Ten minutes later, they were done.

The older boys had viewed the entire aquarium.  The sharks.  The penguins.  The stingrays.  The octopus.  The minnows.  Everything.  Ten minutes.

“Did you stop and LOOK at anything??”  I asked.

They shrugged.  I gave them some money and told them they had another hour at least – and off they went again.

“Go find some girls for God’s sake!”  (This advice did not actually come out of my mouth.  It hit the back of my teeth before I clamped up.) 

The younger boys did a little better but after an hour – and about $200 in admission and food items — everyone was ready to go home.  I know deep in my heart that it was our last trip as a family to the aquarium.

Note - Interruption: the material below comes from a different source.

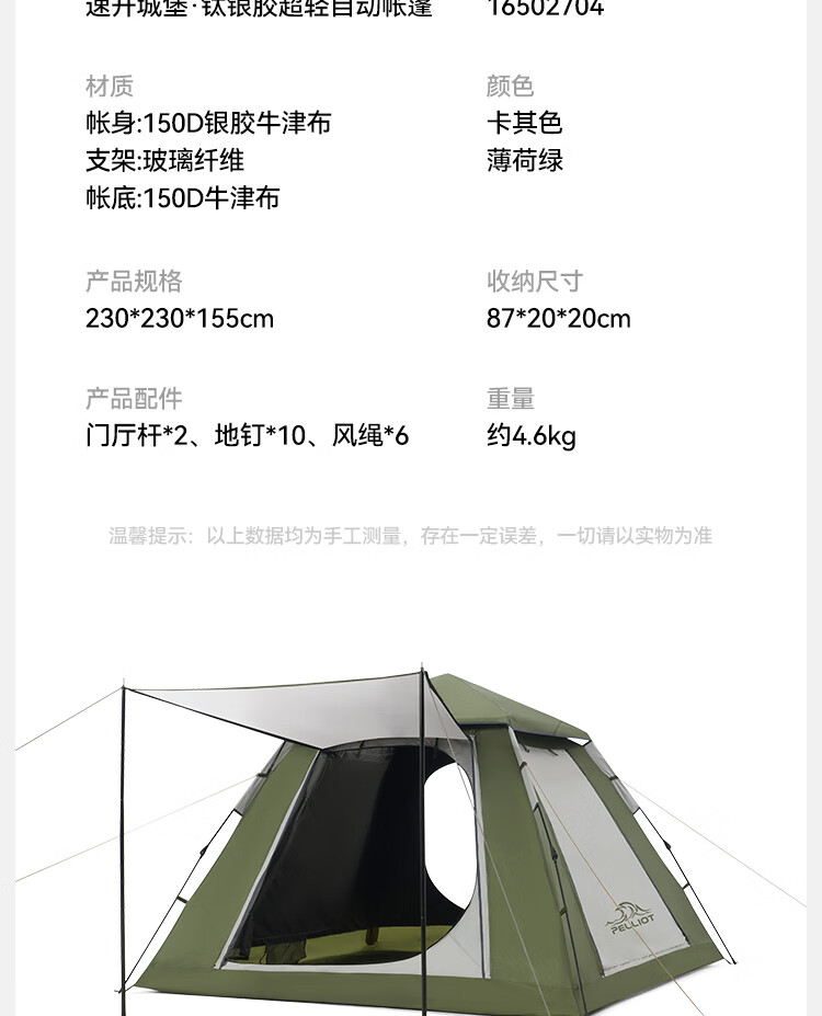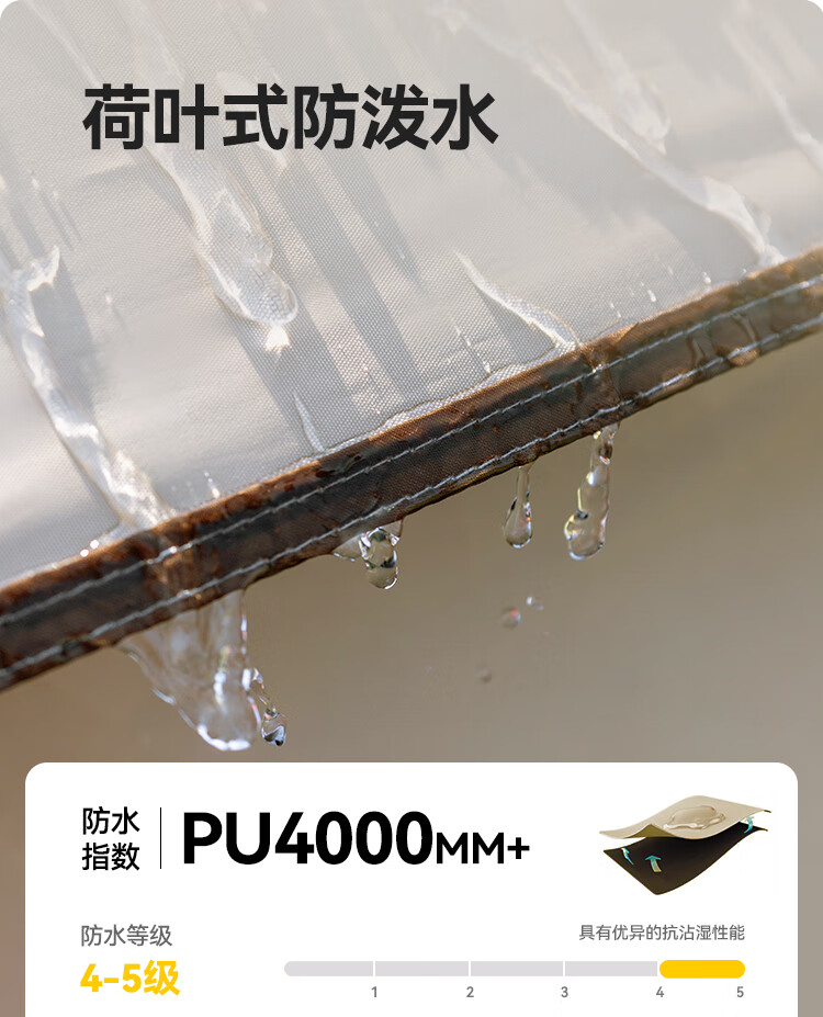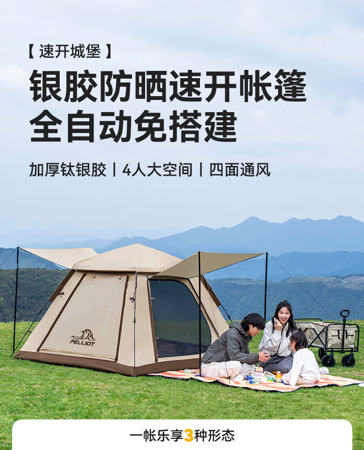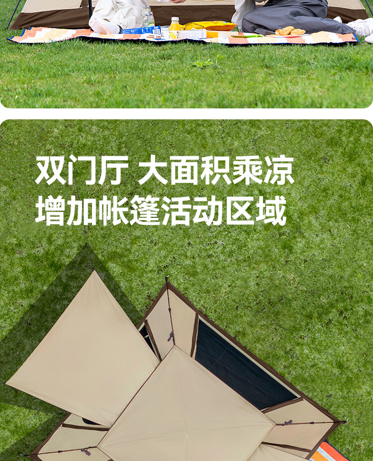 伯希和(Pelliot)户外银胶帐篷天幕二合一露营折叠便携野营过夜16502704 卡其色

Was suggesting this outing a major parenting mistake on my part? Hardly. Aside from wasting a few bucks and facing the ridicule from my family for suggesting it, no children were hurt in the making of this day.  But I know now I could have inserted myself into their lives a better way than dragging them to New Jersey to see a bunch of fish.

And so another lesson learned.  It won’t be the last.  As I look at my calendar in the next year, the following scenarios are already scheduled:

Should I comment on his Facebook page?
Should I insist on meeting his friends parents?
Should I give him my opinion on that girl he likes?
Should I let him go on that ski trip without us?
Should I just let him alone for the rest of his life?
The list goes on.

Parents of little ones, take note.  The truth is the day when you don’t have to worry about where your kids are and what they are doing will never come.  The difference is – as they grow – you lose your prerogative to stick your nose into their lives and find out if there is anything to worry about.  For now, I think I will err on the side of engagement, even if it means wasting some money and time now and again. 

I hear the Zoo is lovely in March.  I hope someday they will forgive me.